Разыскиваются полицией - Уозенкрафт Ким. Страница 26
Они играли в карты до тех пор, пока во дворе не появились два амбала-надзирателя, Ник и Нэк, с большими коробками, в которых оказались не хот-доги и не гамбургеры, а бифштексы. Эта весть так быстро облетела собравшихся, что Гейл показалось, она волной летит от стола к столу. И не просто бифштексы. С кукурузными початками, картофельным салатом. Команда надзирателей, так омрачавших этот пир, тоже радовалась неожиданному угощению. Джонсон увлеченно приступил к работе и, приплясывая и напевая, бросил на решетку первые куски мяса. Стала образовываться очередь.
— Пошли, — предложила Хиллари. — Как только узнают в блоках, все бездельники выскочат во двор.

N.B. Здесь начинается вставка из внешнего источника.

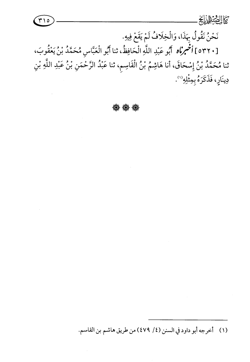 [5320] أخبرناه أَبُو عَبْدِ اللَّهِ الْحَافِظُ، ثنا أَبُو الْعَبَّاسِ مُحَمَّدُ بْنُ يَعْقُوبَ، ثنا مُحَمَّدُ بْنُ إِسْحَاقَ، أنا هَاشِمُ بْنُ الْقَاسِمِ، ثنا عَبْدُ الرَّحْمَنِ بْنُ عَبْدِ اللَّهِ بْنِ دِينَارٍ، فَذَكَرَهُ بِمِثْلِهِ (¬1).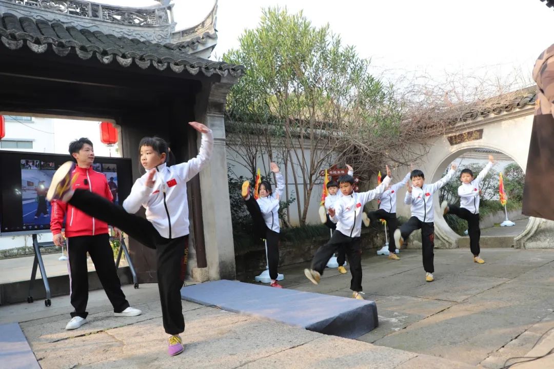 现场,随着一声声口令下达,少年们的动作行云流水、刚劲有力,一招一式都彰显着中华武术的神韵。正踢腿、侧踢腿、单拍脚、后扫腿、马步、五步拳各有特色,拳掌勾手型变化多端,步法灵动,手法刚柔并济。

На них не напасешься. — Она положила карты «рубашками» вверх и придавила бутылкой с водой.
Остальные последовали ее примеру — взяли картонные тарелки, пластмассовые вилки, ножи и встали в очередь.
— Разве можно разрезать этим мясо? — Дайана с сомнением посмотрела на ломкие столовые приборы.
— Я всегда считала, что у вас в Техасе откусывают прямо с кости. — Лиза улыбнулась, давая понять, что не хотела никого обидеть.
— Очень остроумно. — Дайана засунула вилку и нож в карман брюк и приняла откровенно скучающий вид.
— Я не пользовалась нормальным ножом с двадцати лет, — произнесла Гейл. — Забыла, как это делается.
— Ты забыла, как делается не только это, — подковырнула ее Лиза.
Гейл собиралась ответить, но заметила, что Хиллари внимательно следит за их разговором. До появлении Хиллари в тюрьме, до того, как Гейл решила больше ни с кем не сближаться, она некоторое время дружила с Лизой.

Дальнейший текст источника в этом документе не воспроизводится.